Of course, Ann’s most-buzzed-about comments weren’t about her sadness so much as her irritation with the big, bad media. Asked by Wallace about reports that she and her son Tagg faulted the Romney campaign for not letting “Mitt be Mitt,” Ann agreed, but clarified: “Of course, it was partly true. But it was not just the campaign’s fault. I believe it was the media’s fault as well is that he was not giving—being given a fair shake, that people weren’t being allowed to see him for who he was.” When Wallace followed up with, “All right, what about the media?” Ann laughed and said, “I’m happy to blame the media!”
Oof. Poorly played, Ann. It’s tough to think of a pass-the-buck political excuse more shopworn than blaming the media. It is the last resort of nuts, scoundrels, and the wildly unqualified. (Yep. Looking at you, Sarah Palin.) And, understandably, the people who find it most tiresome are members of the media, who will promptly stomp upon any such rationalization with both feet until it looks like South Carolina roadkill.
Should Ann have gone down this road? Not if she wanted to avoid a good old-fashioned beat-down. But, to be fair, media bashing has become a nearly irresistible road in modern politics (if not society more broadly)—especially, though not exclusively, among Republicans. And, to her credit, Ann did not get nearly as whiny or confrontational as many of her GOP compadres.

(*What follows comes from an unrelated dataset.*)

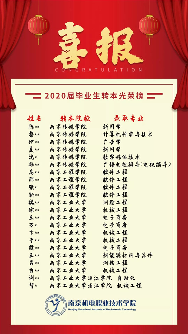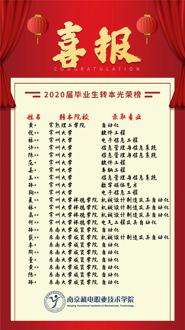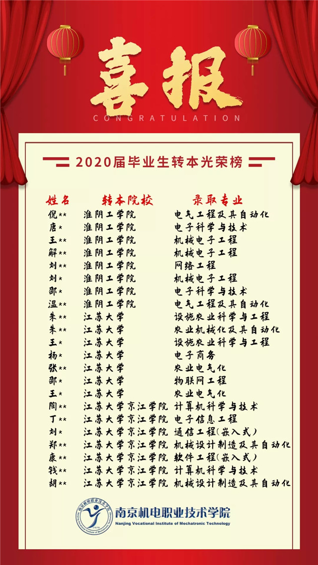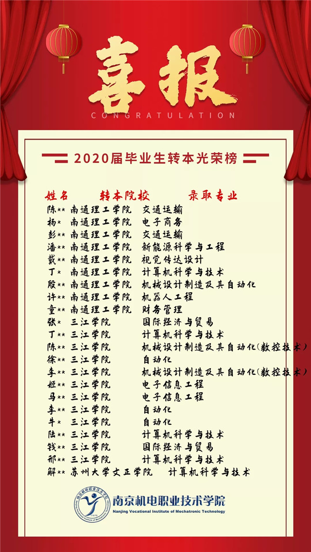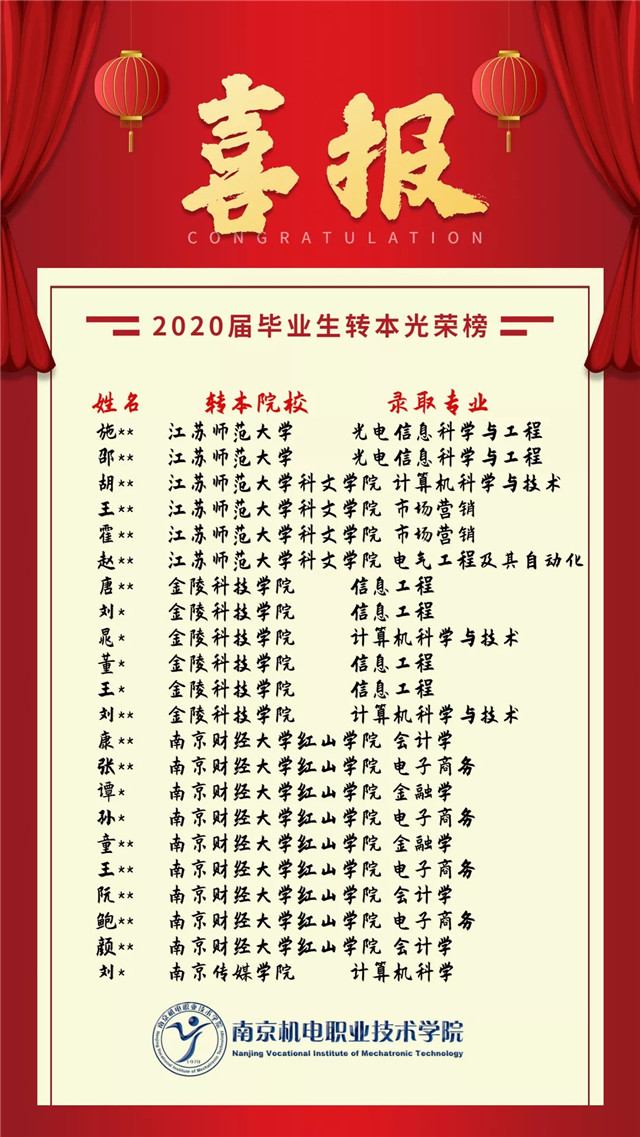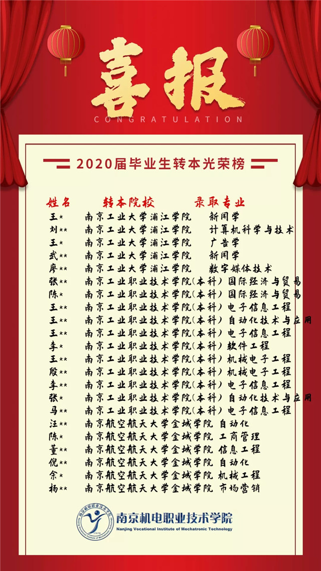 【喜报】我院2020届毕业生转本名单

Indeed, when Wallace invited her to grouse about the media being “in the tank for Barack Obama,” Ann largely demurred. “I think any time you are running for office you always think that you are being portrayed unfairly. And we, of course, on our side believe that there is more bias in favor of the other side. I think that, you know, that is a pretty universal—universally felt opinion.”
Let’s unpack this answer a bit. Yes, it contains the requisite nod to “liberal bias”—the devout conservative belief that provides the very foundation of Fox News. But rather than wallow in how unfair anyone was to her man in particular, Ann acknowledges that everyone who runs for office thinks the media is out to get them—both broadening the issue and shifting at least part of the onus to candidates’ perception of their coverage. And when you get right down to it, who can blame candidates for feeling that way? Political journalists are a dirt-digging lot, always trolling for gaffes and scandals and controversy. Regardless of party, only an idiot would treat us as anything other than dangerous wild animals. (Just ask Hillary about coverage of her campaign in ’08.)
So, yeah, Ann was tiresome and a bit whiny in her post-election debut. But cut the gal some slack. Few defeats are at once so public and so personal as losing the White House. The wounds are still raw, and, all things considered, she’s showing more honesty and spunk than many who have gone before her.